Forum Discussion
Mickey_Farmer_2
Nimbostratus
NimbostratusWhat IP's to use for DNS Listeners?
In another question on this forum, https://devcentral.f5.com/questions/f5-gtm-and-wide-ip, the poster asks if the Name Server records for his subdomain (.wip.) needed to use the self IP's of his F5's...
"A listener object that is not defined as a self IP address cannot direct name resolution requests to BIND"
If you don't require that (and I usually make sure that requests not serviced by GTM are dropped myself), then you have no issues AFAIK.
Possibly it's listed as not best practice because if GTM can't resolve it, you won't get any answer, and whoever wrote it wanted to make sure at least SOMETHING was given back (e.g. for addresses that ARE NOT serviced by GTM - i.e. not WideIP's).
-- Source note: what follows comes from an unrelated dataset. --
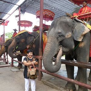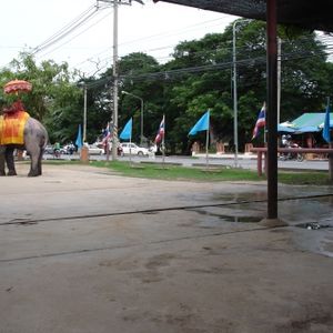 アユタヤの最後に、象乗りの出来る所に寄りました。希望者は有料で乗ることが出来ます。私は他で体験済みだったので、乗らなかったのですが、ツアー同行者に希望者がいると、終わるまで待っていないといけません。でも、ちょっとしたお土産屋があります。また、有料で象と一緒に写真を撮ることが出来ますが、わりと近くに象がいるので、ポーズを気にしないなら、勝手に写真を撮ることは可能です。有料でえさやりをすることも出来ます。

However for most of the installs I've done, that was the DESIRED effect anyway... Because I don't like running GTM's inline with normal DNS services - i.e. I like my GTM's to be serving ONLY WideIP's.
See this scenario-----
A DNS server already exists at IP address 10.2.5.37.
There are two VLANs, named external and guests.
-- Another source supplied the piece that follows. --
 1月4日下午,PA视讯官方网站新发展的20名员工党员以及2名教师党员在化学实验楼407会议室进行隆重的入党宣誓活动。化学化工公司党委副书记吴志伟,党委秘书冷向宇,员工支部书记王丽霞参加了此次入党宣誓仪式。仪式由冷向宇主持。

There are two wide IPs: www.siterequest.com and downloads.siterequest.com. After being integrated into the network, Global Traffic Manager is responsible for the following actions:
Managing and responding to requests for the wide IPs
Forwarding other DNS traffic to the existing DNS server
Forwarding any traffic from the guests VLAN to the rest of the network To implement this configuration, Global Traffic Manager requires three listeners:
A listener with an IP address that is the same as the self IP address of Global Traffic Manager. This listener allows the system to manage DNS traffic that pertains to its wide IPs.
A listener with an IP address of 10.2.5.37, the IP address of the existing DNS server. This listener allows the system to forward incoming traffic to the existing DNS server.
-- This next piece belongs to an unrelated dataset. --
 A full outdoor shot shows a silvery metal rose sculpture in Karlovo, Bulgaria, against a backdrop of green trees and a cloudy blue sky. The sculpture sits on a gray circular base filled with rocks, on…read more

A wildcard listener enabled on the guests VLAN. This listener allows Global Traffic Manager to forward traffic sent from the guests VLAN to the rest of the network.
Mickey_Farmer_2Nimbostratus
NimbostratusThanks, Brad. From F5's site, the setup of a DNS Listener asks for a self IP address on the GTM:
(From https://support.f5.com/kb/en-us/products/big-ip_gtm/manuals/product/gtm-implementations-11-5-0/4.html) Creating listeners to handle traffic for wide IPs
Determine the self IP address on which you want BIG-IP GTM to listen for DNS queries for the wide IPs configured on the system.
Create listeners that identify the wide IP traffic for which GTM is responsible. Create four listeners: two that use the UDP protocol (one each for an IPv4 address and IPv6 address), and two that use the TCP protocol (one each for an IPv4 address and IPv6 address). Note: DNS zone transfers use TCP port 53. If you do not configure a listener for TCP the client might receive the error: connection refused or TCP RSTs. 1. On the Main tab, click DNS > Delivery > Listeners. The Listeners List screen opens. 2. Click Create. The Listeners properties screen opens. 3. In the Name field, type a unique name for the listener. 4. For the Destination setting, in the Address field, type the IP address on which GTM listens for network traffic. The destination is a self IP address on GTM. 5. From the VLAN Traffic list, select All VLANs. 6. In the Service area, from the Protocol list, select UDP. 7. Click Repeat.
Brad_Parker
Cirrus
Cirrus"A listener is a specialized virtual server that passively checks for DNS packets on port 53 and the IP address you assign to the listener. When a DNS query is sent to the IP address of the listener, BIG-IP GTM either handles the request locally or forwards the request to the appropriate resource." Not sure why it says to use a self IP for the virtual server. While you can do that you don't have to. I don't believe that is a requirement. Your NS records will be whatever you setup as your listener(whether that is a self ip or some other IP).